There are still repositories waiting to be migrated

GoLive of the matchmaker
So shortly before Christmas we reached the final phase of the matchmaker. In the hurry a few points were overlooked which caused some troubles:

On releasing the public beta client release, we sort of derped on the version number. It doesn't follow the required version pattern. This leads to every user on this release will never ever again receive an update notification. Please update manually to the latest client release.
Replay ratings: Since the dawn of time, FAF had always just 1 rating per game, because it was either Global Rating or Ladder Rating or no rating at all. Additionally global and ladder rating summaries were stored in 2 different tables.
However having 1 table per leaderboard is not a healthy strategy if you plan to have many more of them. Long time before TMM we already moved to dynamic leaderboard based rating. Effectively this allows us to calculate more than one rating per game, but 1 rating per leaderboard per game (if we need to). Until the rollout of TMM the old tables were still populated though. This stopped with the rollout, effectively breaking the rating changes show in the replay view on the client.
Also the API endpoints for fetching the correct replays where still missing and added on short notice.
The official TMM client version also had issues on showing the right rating for the in game players. This led to maximum confusion whether the whole system worked and if ratings where actually accurately calculated. Eventually I'd say it was all correct, just the display was wrong.
The replay vault search by rating was removed due to a misunderstanding between Sheikah and me. Things got complicated here as well: now you don't have the one rating to search for, but you have to select from which leaderboard you want to look at the ratings.
Instead of looking into each leaderboard with multiple queries we tried to add the current leaderboard ratings for each player into the player object on API level.
Unfortunately this creates a suboptimal query that maximized MySQL cpu usage within minutes. This lead to a few server crashes until we figured out what had happened.

Moving to MariaDB
The MySQL issue showed us once again that we want to move to a new database version. The current MySQL 5.7 is quite old.
This discussion is not new, actually it's already almost 2 years old but got deferred because there was no real pressure (and we couldn't really agree whether to go to MySQL 8 or MariaDB 10.x which are both compatible with MySQL 5.7 but incompatible with each other).

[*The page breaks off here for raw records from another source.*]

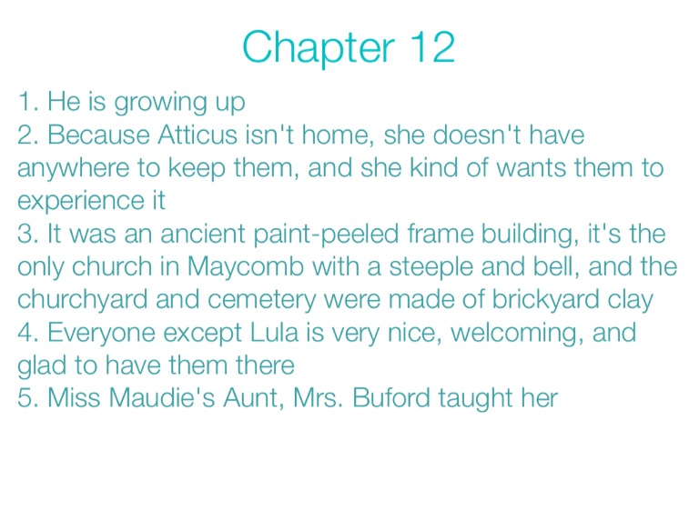 2. Because Atticus isn't home, she doesn't have anywhere to keep them, and she kind of wants them to experience it
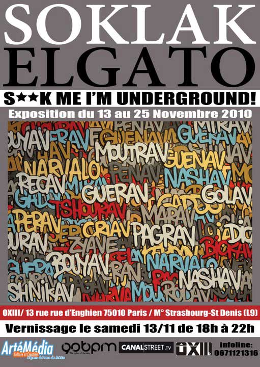 Du 13 au 25 Novembre 2010, le lieu artistique Ô XIII accueille Soklak pour une exposition personnelle intitulée S**k me, I'm underground !.
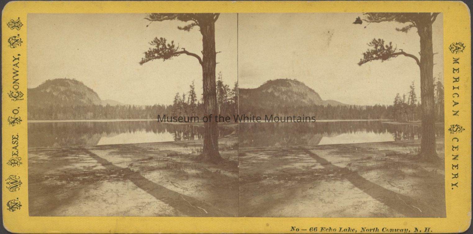 Black and white image of a lake with mountains in the background. Lake is surrounded by trees. Caption reads, "Echo Lake, North Conway NH." Part of the "American Scenery" stereoview series. Back Description: Plain
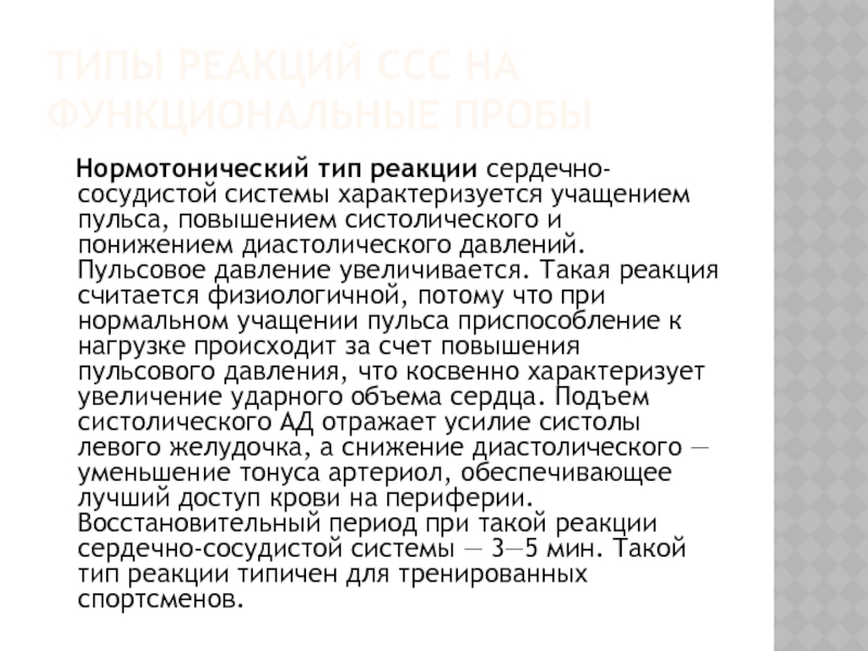 Оптимальной реакцией является небольшое учащение ЧСС и незначительные сдвиги АД. При увеличении тренированности эти сдвиги становятся меньше.

The server downtime caused by the suboptimal query as described above made me reconsider. We had multiple issues with MySQLs shitty way of doing a specific type of join (nested loops). So we tested this with MySQL 8 and MariaDB 10.5 on a copy of the production database.

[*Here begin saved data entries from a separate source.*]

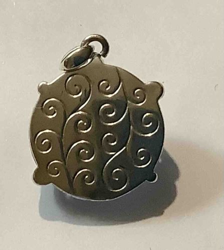 This item is a circular metal pendant, likely constructed from polished sterling silver or a high-quality costume metal with a rhodium or silver-tone finish. Size appears to be approximately 20-30mm in diameter, suitable for use on a necklace or charm bracelet. The face of the pendant features an intricate, deep-etched scroll or 'swirl' pattern reminiscent of classic filigree or Art Nouveau aesthetics, though the execution suggests contemporary mass production. The outer circumference is accented by four subtle, symmetrical protrusions or lobes, giving it a stylized, quatrefoil-influence silhouette. It is equipped with a simple jump ring and a teardrop-shaped bail at the top for attachment. The metal exhibits a high-polish reflective surface with minor surface abrasions and micro-scratches consistent with gentle handling or light wear. There is no visible maker's mark or hallmark on the front, suggesting any stamps for purity (such as .925) or brand identifiers would be located on the reverse or the bail. The craftsmanship is clean and uniform, characteristic of late 20th-century to early 21st-century jewelry manufacturing techniques.
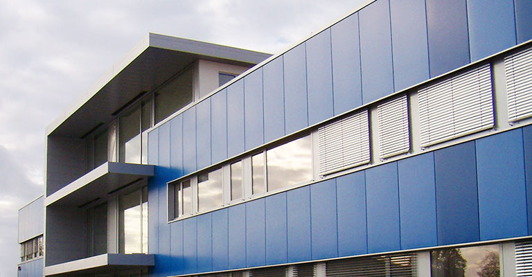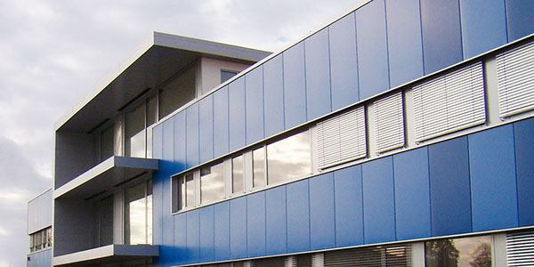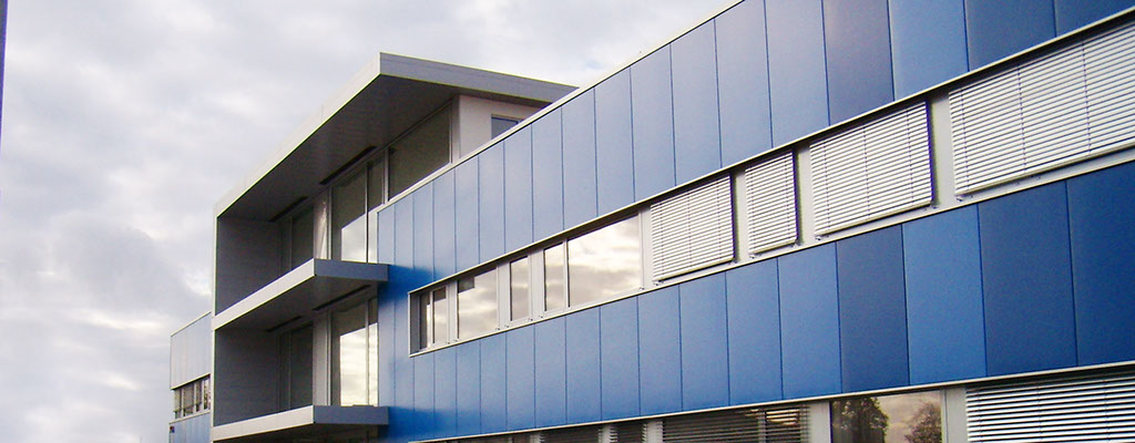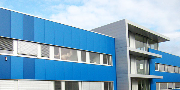 Montage einer Fassadenverkleidung für ein kombiniertes Büro und Produktionsgebäude in Heddesheim bei Mannheim. Die Verkleidung wurde mit Thermowandelementen realisiert. Auf Wunsch wurde die Farbgestaltung im NCS Farbensystem vorgenommen, wodurch sich das Gebäude perfekt in die Umgebungslandschaft integriert.
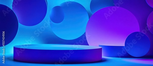 Abstract blue and purple geometric shapes background with platforms for product displayWall mural
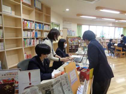 本校の学校図書館の司書さんにも大変お世話になりました。図書の整理にはじまって、休み時間の貸し出し受付など、大活躍でした。
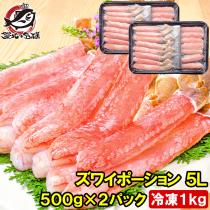 超特大 5L ズワイガニ ポーション かにしゃぶ お刺身用 冷凍総重量 1kg 500g×2パック 合計30本【生食用 かに ポーション ずわいがに カ
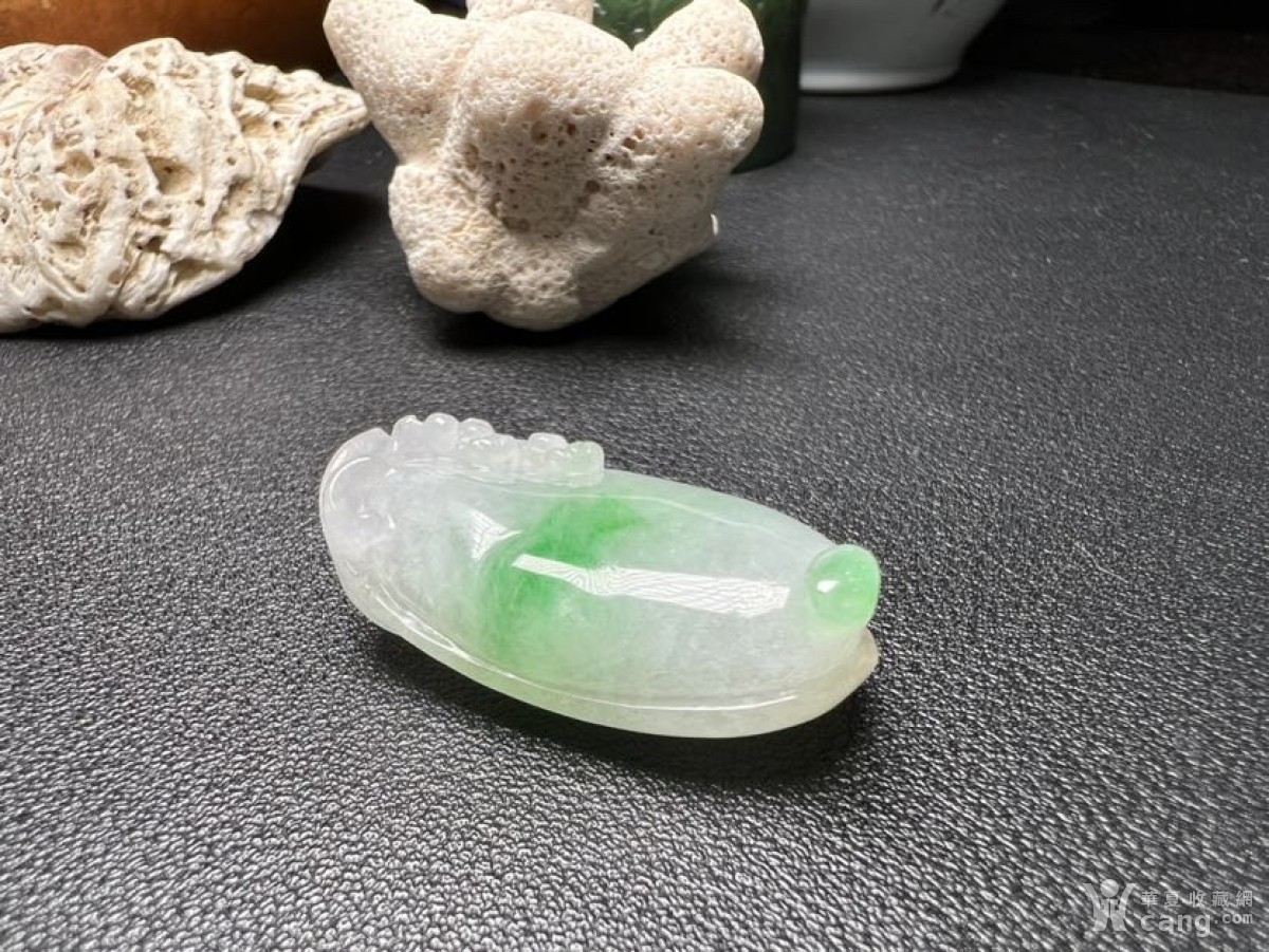 天然翡翠A货糯冰飘翠色福寿瓜果件
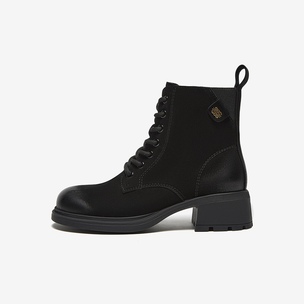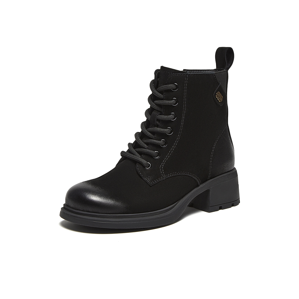 百思图2024冬季新款商场同款简约时尚马丁靴粗跟女短靴U5121DD4
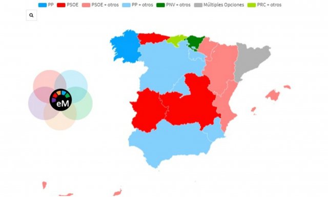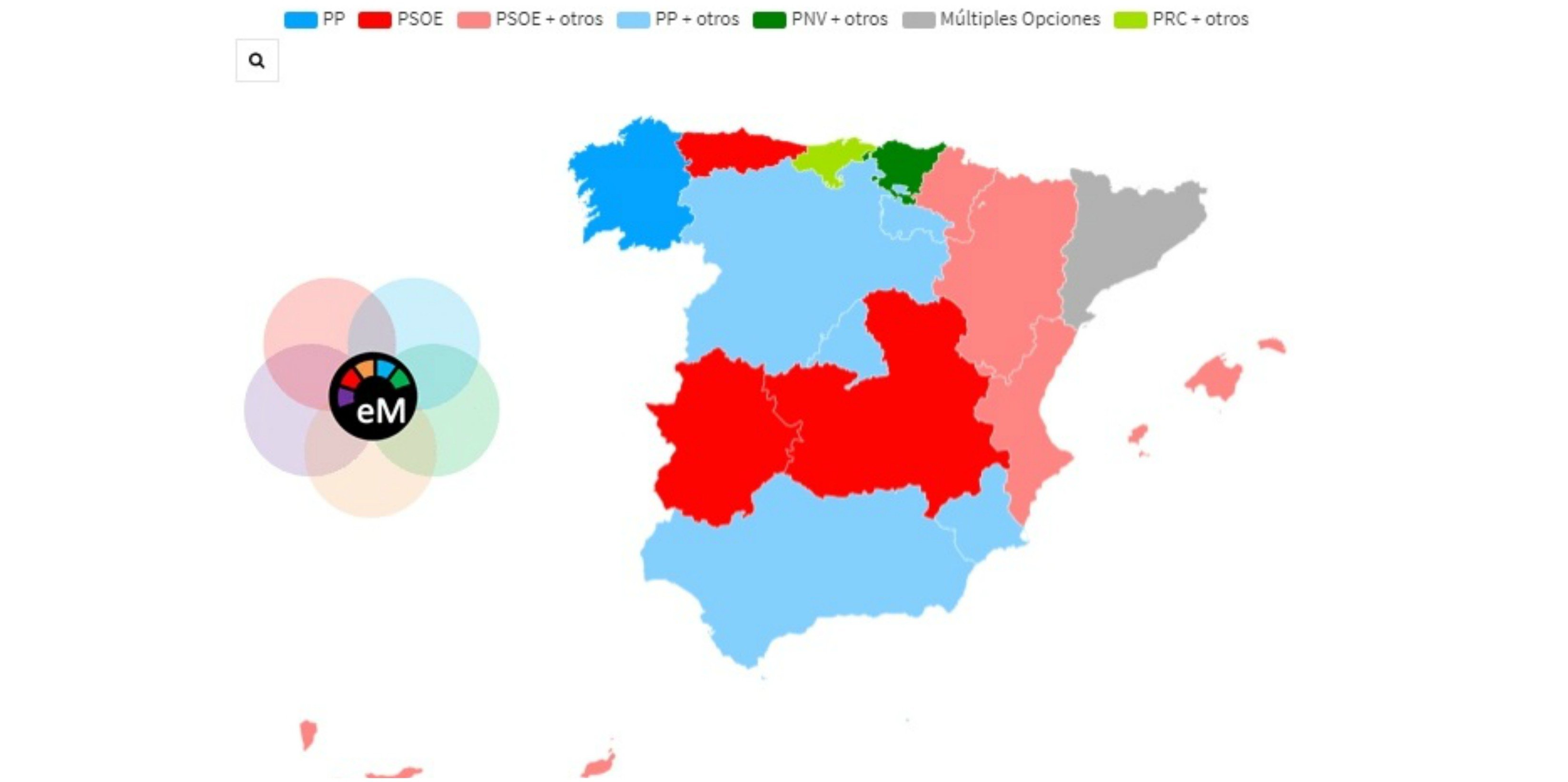La web electomania ha elaborado un sondeo que muestra un macropanel autonómico con una combinación de gobiernos más probables que liderarían cada comunidad autónoma de celebrarse unas elecciones.

There was a simple query that took 1min 25s (utilising the whole PC). MySQL 8 took just 5 seconds less. But MariaDB obviously fixed the underlying issues and returned a result in 1 second.

So this set the new path to migrate to MariaDB. A test migration from raw MySQL 5.7 without backup and restore ended up in a corrupted data set. So we'll need to to proper backup and restore.

Unfortunately MariaDB tripped over one of the migration files when creating the current database scheme. Therefore I tried to merge all migrations into a single database schema import (which took a few days to figure out).

Once this was done I still encountered the error with a better description just to figure out that this was due to a bug in MariaDB that was marked as fixed already but no release yet! So it had to be postponed once again...

It's finally released by now, and we'll need to restart some testing. This is probably part of the next server update.

Auto-Backups killed the server
Our new server uses ZFS as file system which is very modern and powerfull. When we setup the server we thought using ZFS for the Docker (the container daemon running all apps) container volumes was a good idea. It wasn't, instead it was polluting the system with ZFS datasets for each docker container layer (there were HUNDREDS of them). Even though this caused no direct harm, it prevented us from activating auto-backups.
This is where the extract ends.